Around a dozen websites in the United States, including those of the White House, State Department and Pentagon, and another dozen in South Korea were among those targeted in the attack which began on Sunday.

Spokesman Ian Kelly said the State Department's website, state.gov, continued to come under attack on Thursday but not in "high volume."

Secureworks' Stewart said the attack appeared to be "designed to draw attention to itself, rather than to actually try to take these sites offline."

"If it was state-sponsored, you'd think that the attacks would focus on just a few sites," he said. "A state would try to be sneakier than this."
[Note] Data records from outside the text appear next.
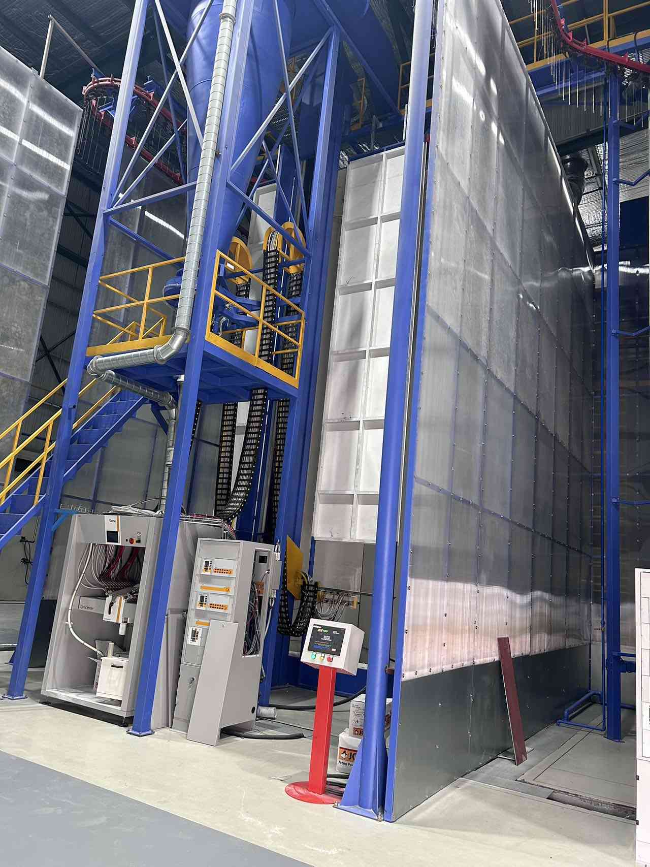 主要な構成要素:パウダーコーティング 吊りコンベアシステム,積載・卸載システム,予備処理,乾燥炉,パウダーコーティング室とリサイクルシステム,固化炉,電気制御システム,パウダーコーティングガン,粉末供給センター空気圧縮機,DI 水機システムなど
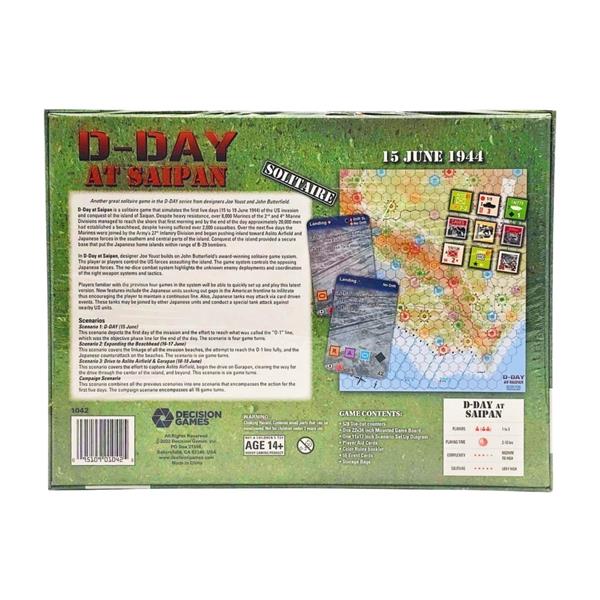In D-Day at Saipan, designer Joe Youst builds on John Butterfield’s award-winning solitaire game system. The player or players control the US forces assaulting the island. The game system controls the opposing Japanese forces. The no-dice combat system highlights the unknown enemy deployments and coordination of the right weapon systems and tactics.
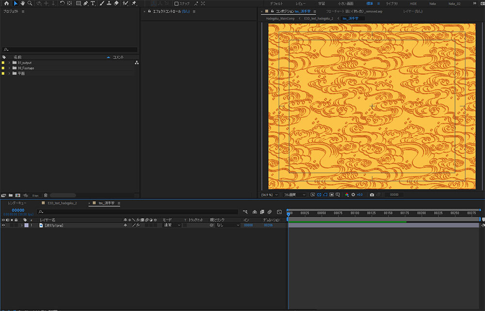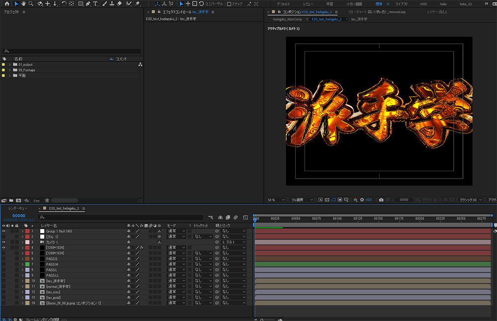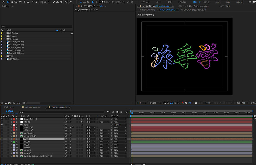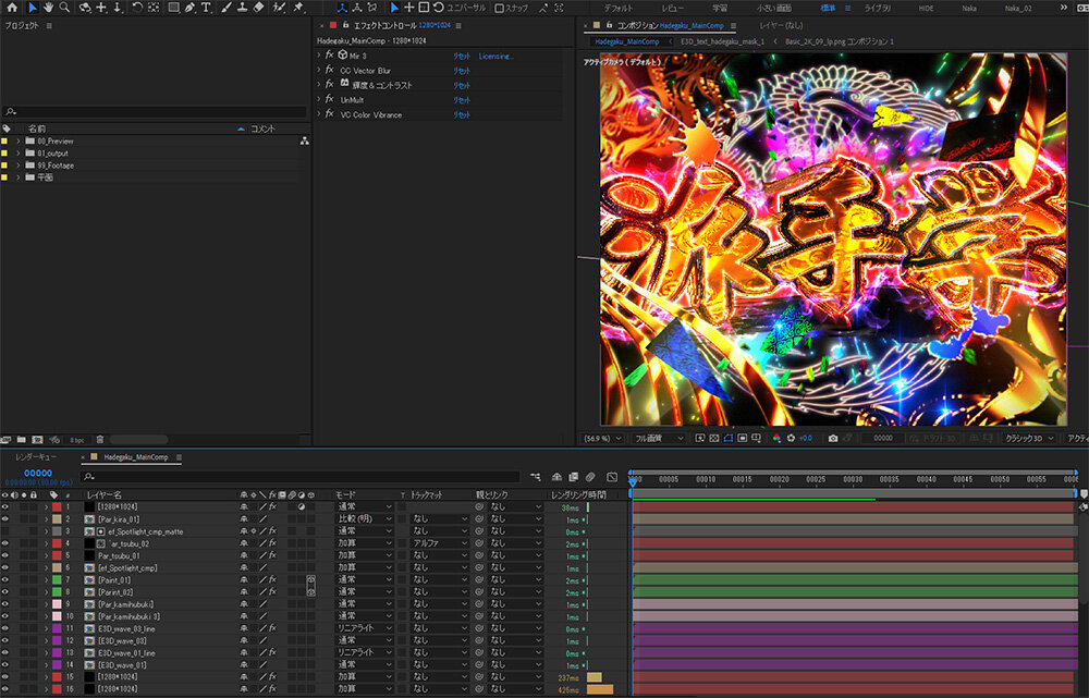 こちらが今回の「派手学」の完成ビジュアルで使用しているElementのコンポジションです。4番目のレイヤーがElementを使用している黒平面のレイヤーになります。
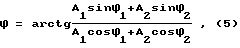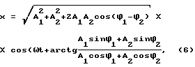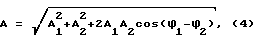Определив значения составляющих амплитуд Ai и их фаз i, по формулам (2) (3), нужно вычислить результизирующую амплитуду A и фазу ее изменений.
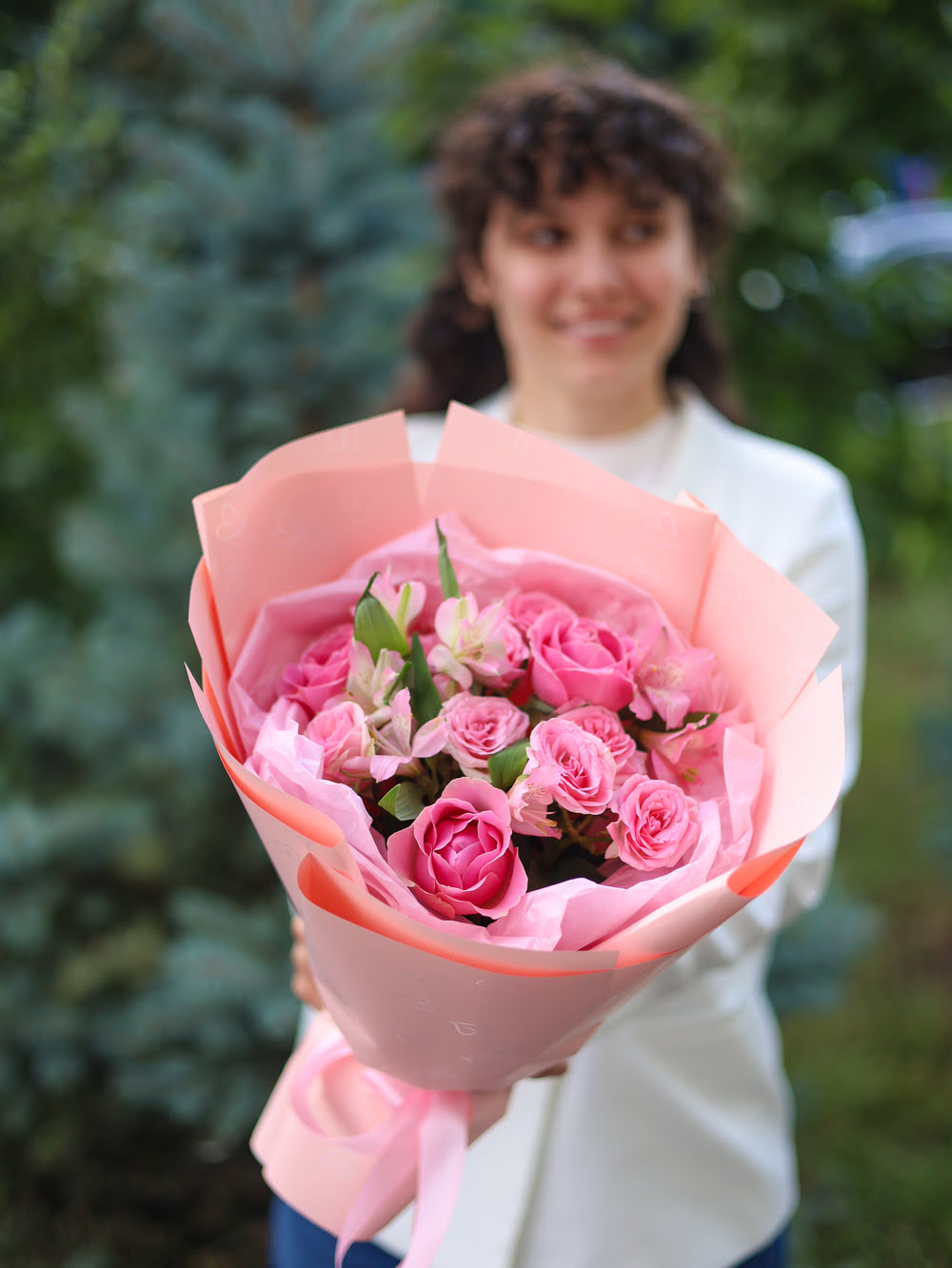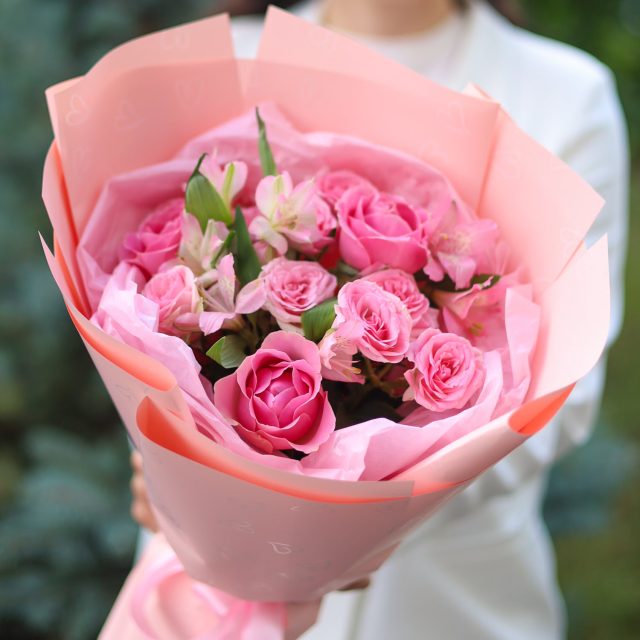 Состав: кустовые и одноголовые розы, стойкая альстромерия.

Neither the United States nor South Korea has publicly accused the North Korean government of being behind the attacks.

Kelly, the State Department spokesman, said Thursday he had "no information" about any North Korean involvement.

But South Korean lawmakers briefed by the country's National Intelligence Service said the NIS believes North Korea or its sympathizers may be to blame.

Luis Carrons, technical director of Spain-based security firm Panda Labs, said North Korea is the most likely suspect.

"Everything's pointing to North Korea," he told AFP. "But it's really only something we can guess. We don't have any real proof."

Carrons also said that unless a website can afford to deploy redundant servers and other expensive defenses, little can be done to fend off DDoS attacks.

"What can you do when 20,000 computers are attacking you and sending you hundreds of requests per second?" Carrons asked.

Ullrich described the event as "a very unsophisticated, simple attack" that got a lot of attention but didn't shut down any critical services.

"The real sophisticated attack you never hear about because they're working stealthy, under the radar," he said. "They're either stealing data or compromising data. Those are the attacks that I'm really worried about."

Ben Greenbaum, senior manager for security response at Symantec, said DDoS attacks, by their nature, are fairly unsophisticated.

"The goal is fairly unsophisticated as well -- it's an attempt to render a website or an online resource unusable," Greenbaum said.

Liesyl Franz, vice president for information security and global public policy at trade association TechAmerica, said the attack highlights the need to make cybersecurity a priority.

"Given the preponderance of information networks and systems and the use of the Internet in our everyday lives, throughout our economy and for national security we view it as a national priority to address cybersecurity," she said.

"Fortunately we have seen President (Barack) Obama say the same," she said.

Obama has made cybersecurity a top priority and announced in May that he would name a "cyber czar" to defend against criminal, espionage and hacker attacks on US government and private computer networks.